- **EXTRACTED DATA**
↓

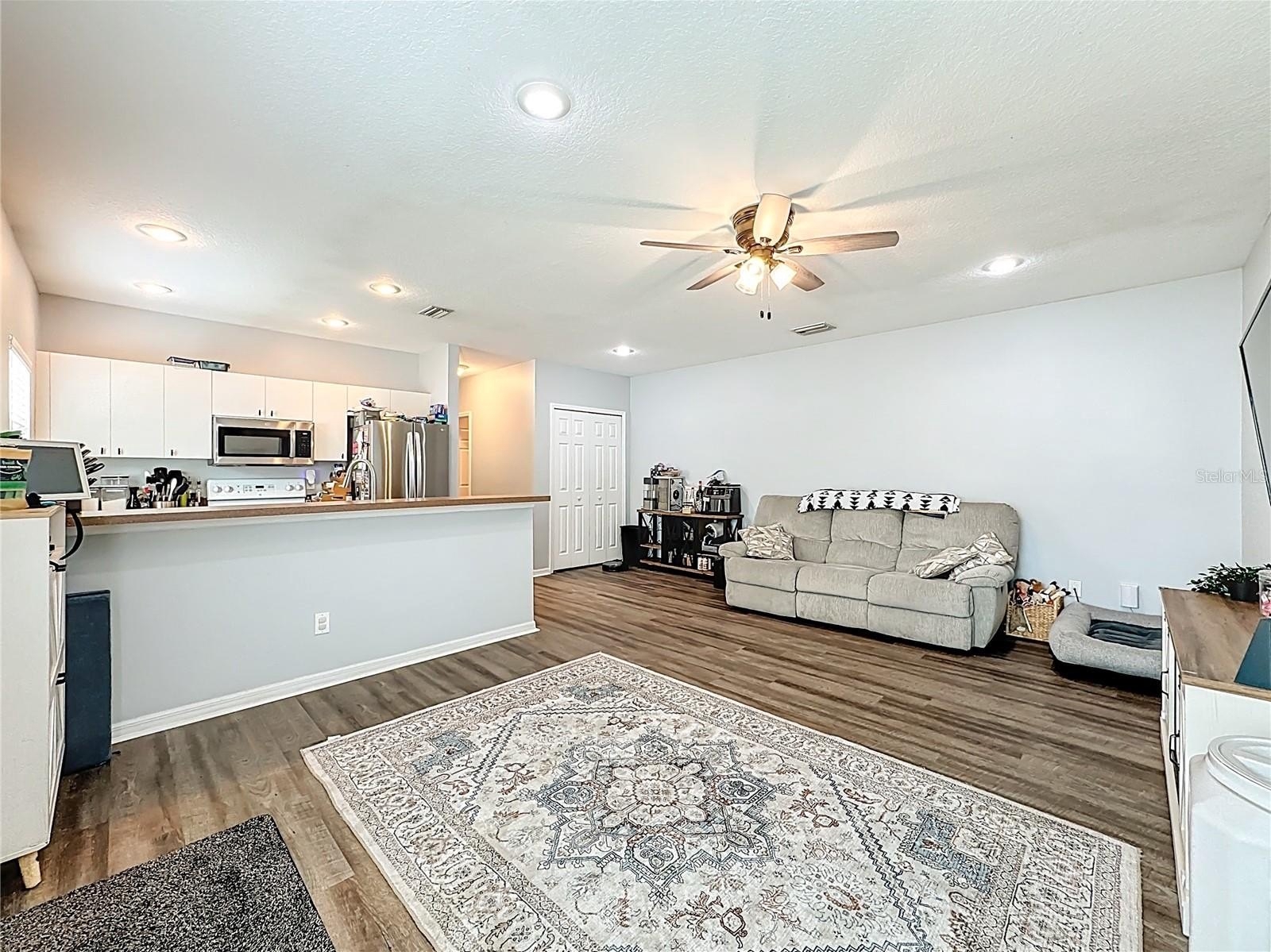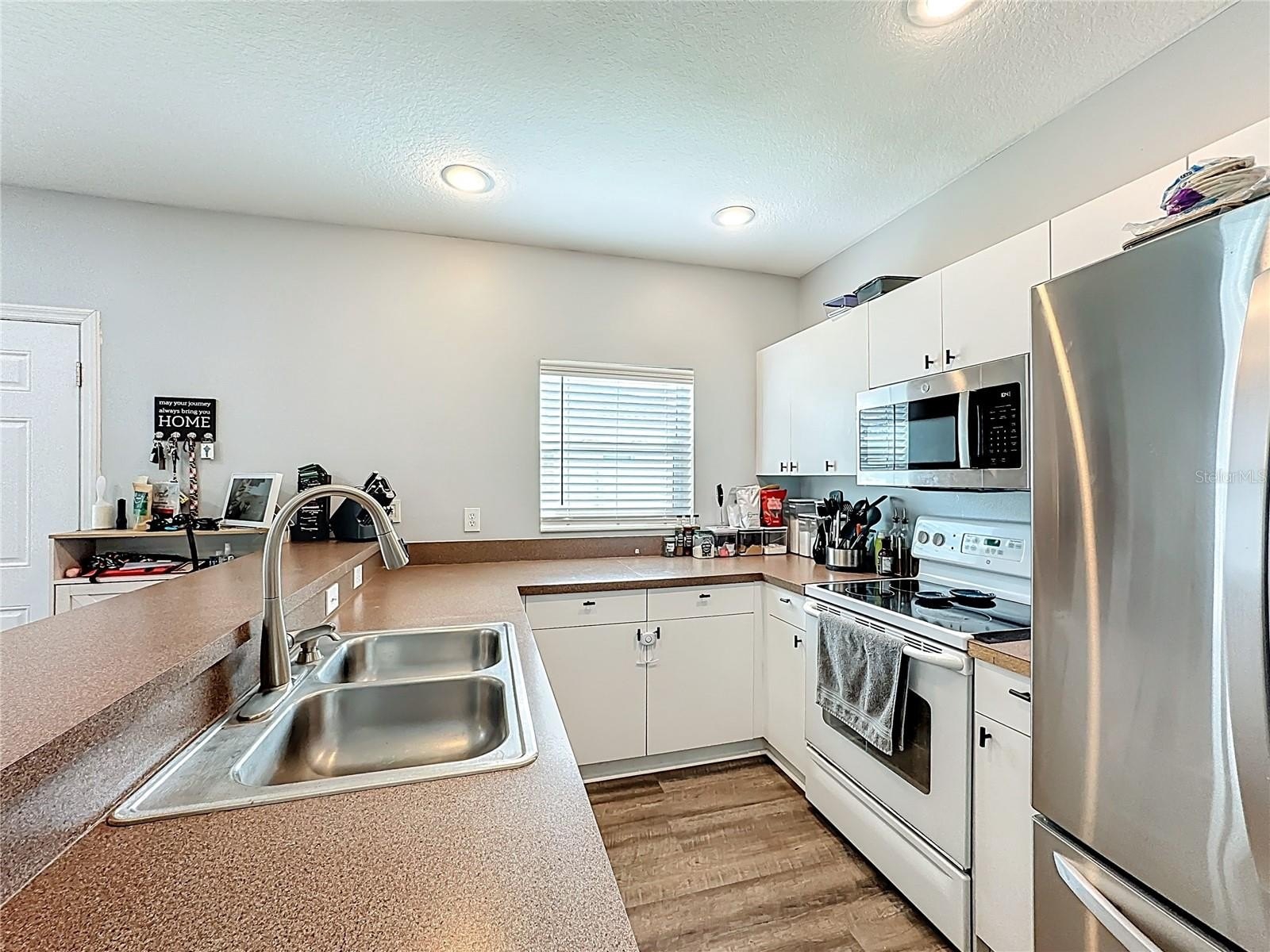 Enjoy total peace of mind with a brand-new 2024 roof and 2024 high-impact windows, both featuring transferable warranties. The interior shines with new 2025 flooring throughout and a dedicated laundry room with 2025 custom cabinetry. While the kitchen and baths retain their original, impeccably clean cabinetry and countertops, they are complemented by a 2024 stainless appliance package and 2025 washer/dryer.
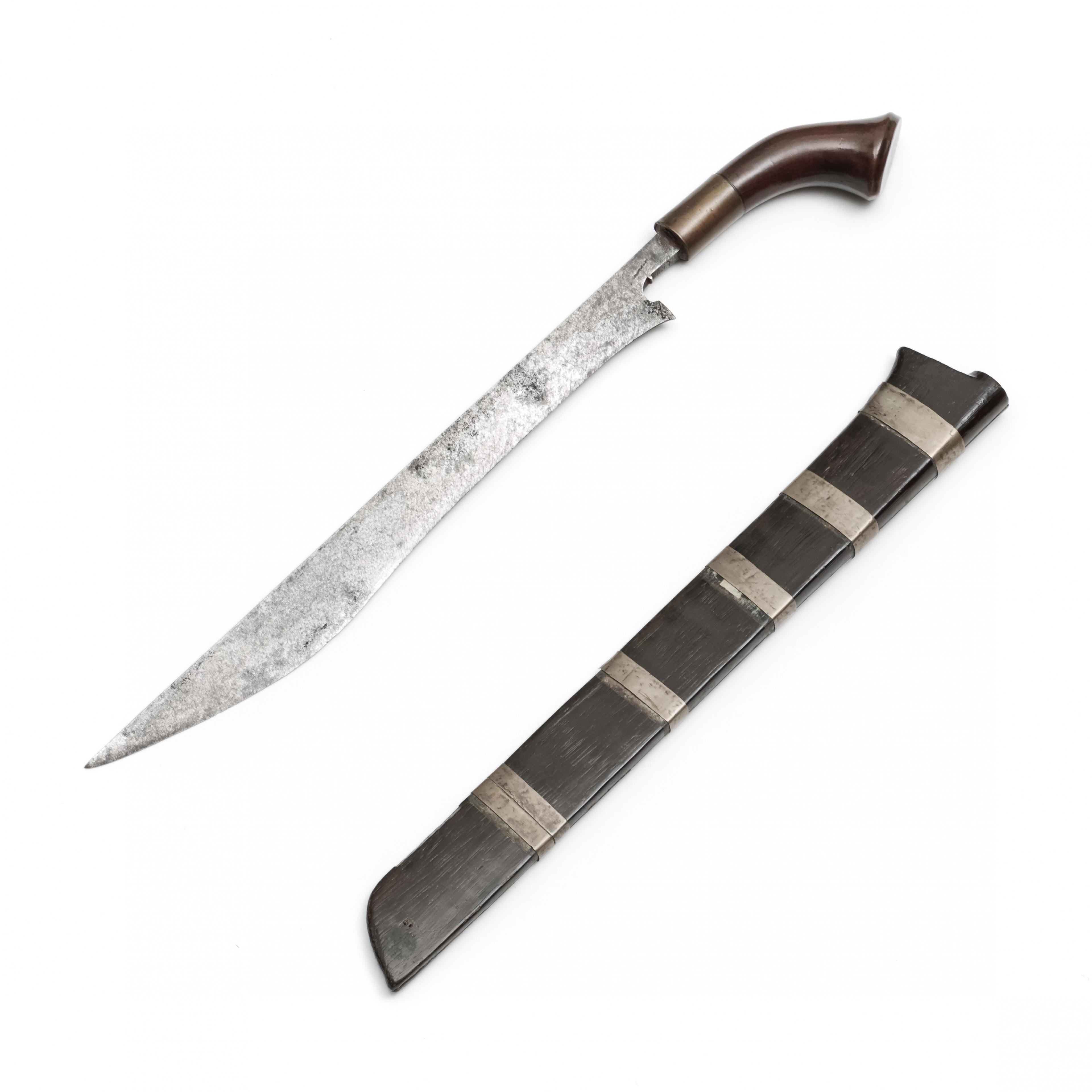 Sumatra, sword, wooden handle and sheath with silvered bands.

↑
↓

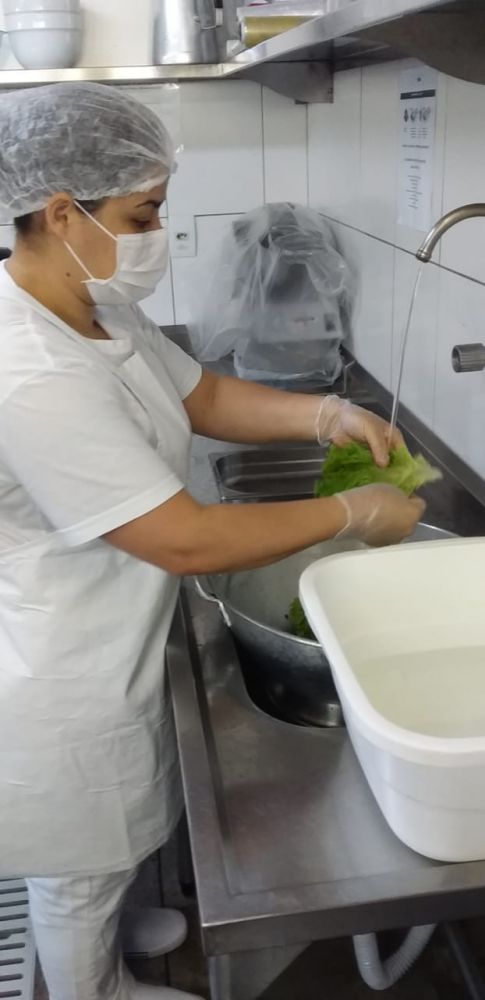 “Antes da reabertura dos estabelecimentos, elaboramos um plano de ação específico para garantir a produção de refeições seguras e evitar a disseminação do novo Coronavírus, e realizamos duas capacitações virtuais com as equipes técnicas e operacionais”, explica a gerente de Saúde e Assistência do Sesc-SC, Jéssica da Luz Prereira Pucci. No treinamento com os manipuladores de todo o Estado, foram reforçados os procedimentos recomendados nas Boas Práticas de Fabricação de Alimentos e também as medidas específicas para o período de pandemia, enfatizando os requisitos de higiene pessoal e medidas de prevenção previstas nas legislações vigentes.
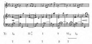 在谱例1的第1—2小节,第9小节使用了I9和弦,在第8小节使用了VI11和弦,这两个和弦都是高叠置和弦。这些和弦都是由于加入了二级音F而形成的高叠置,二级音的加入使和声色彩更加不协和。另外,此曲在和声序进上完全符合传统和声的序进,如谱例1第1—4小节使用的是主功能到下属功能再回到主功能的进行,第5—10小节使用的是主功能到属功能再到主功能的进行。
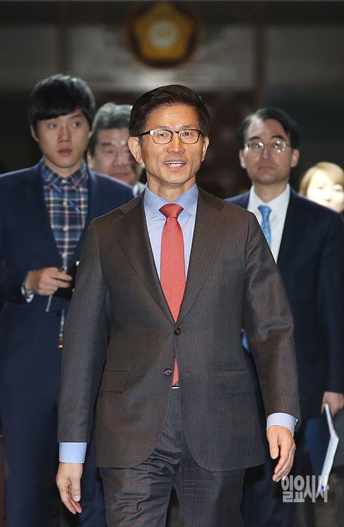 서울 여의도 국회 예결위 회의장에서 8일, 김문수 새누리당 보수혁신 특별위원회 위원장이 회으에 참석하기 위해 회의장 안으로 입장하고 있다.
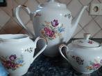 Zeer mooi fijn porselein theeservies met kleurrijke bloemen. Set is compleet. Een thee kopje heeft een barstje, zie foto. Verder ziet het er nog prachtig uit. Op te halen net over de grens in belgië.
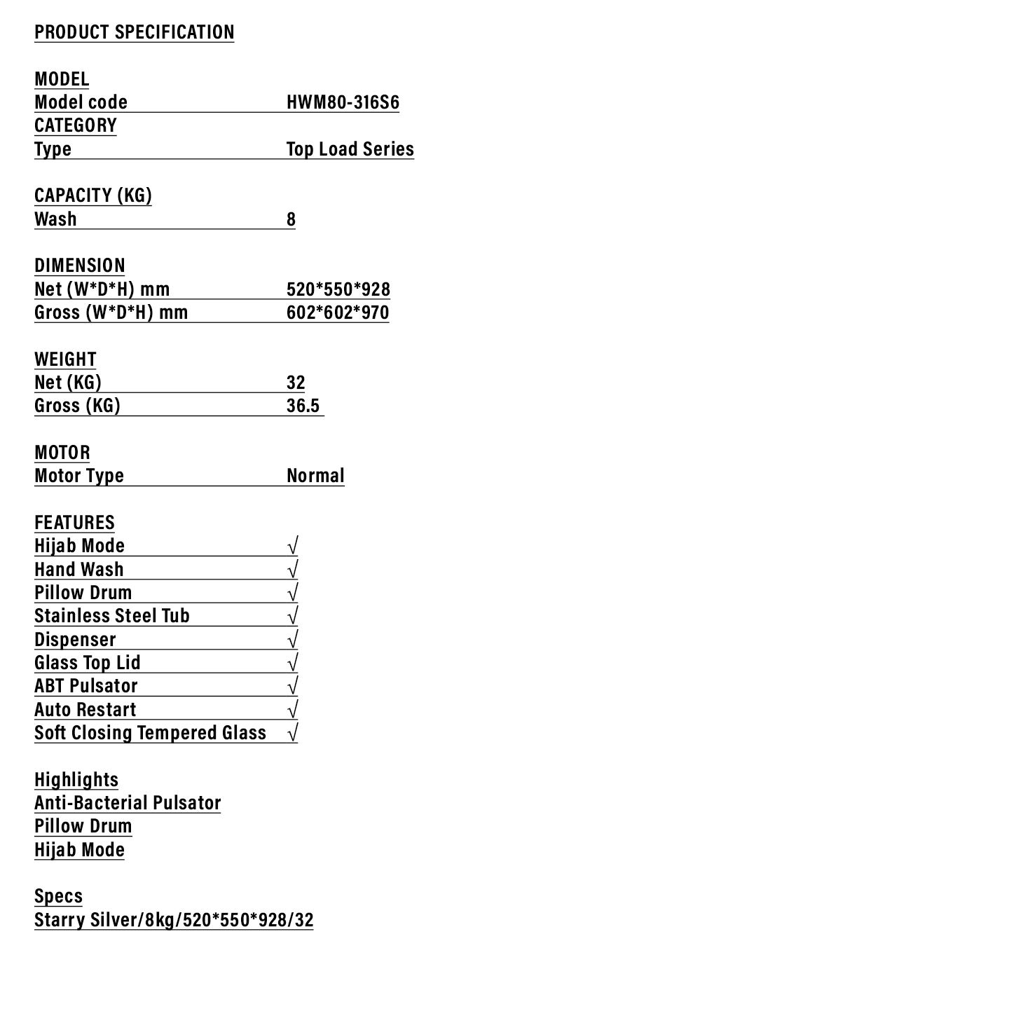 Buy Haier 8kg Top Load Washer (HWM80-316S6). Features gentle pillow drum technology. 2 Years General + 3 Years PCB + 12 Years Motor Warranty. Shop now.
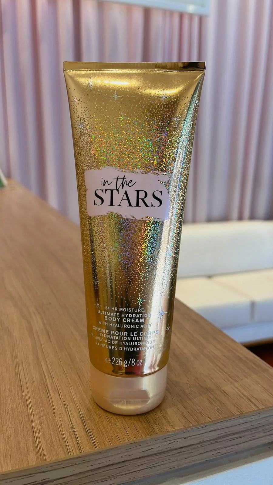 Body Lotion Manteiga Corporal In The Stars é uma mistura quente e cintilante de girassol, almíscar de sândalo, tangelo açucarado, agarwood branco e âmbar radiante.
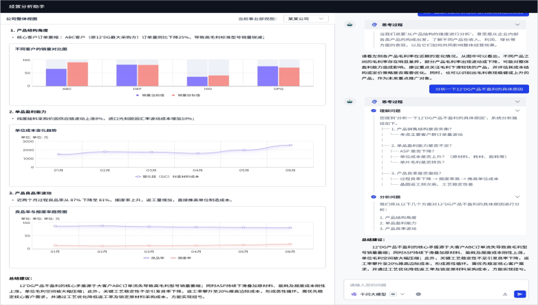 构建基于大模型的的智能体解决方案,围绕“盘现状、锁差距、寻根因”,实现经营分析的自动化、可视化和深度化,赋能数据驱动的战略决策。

↑

- **WHAT TO WORK ON**
What belongs in the answer is each line above from the line with "Body Lotion Manteiga" to the line with "构建基于大模型的的智能体解决", inclusive, reproduced exactly and free of pictures.

- **RESPONSE BELOW**
 Body Lotion Manteiga Corporal In The Stars é uma mistura quente e cintilante de girassol, almíscar de sândalo, tangelo açucarado, agarwood branco e âmbar radiante.
 构建基于大模型的的智能体解决方案,围绕“盘现状、锁差距、寻根因”,实现经营分析的自动化、可视化和深度化,赋能数据驱动的战略决策。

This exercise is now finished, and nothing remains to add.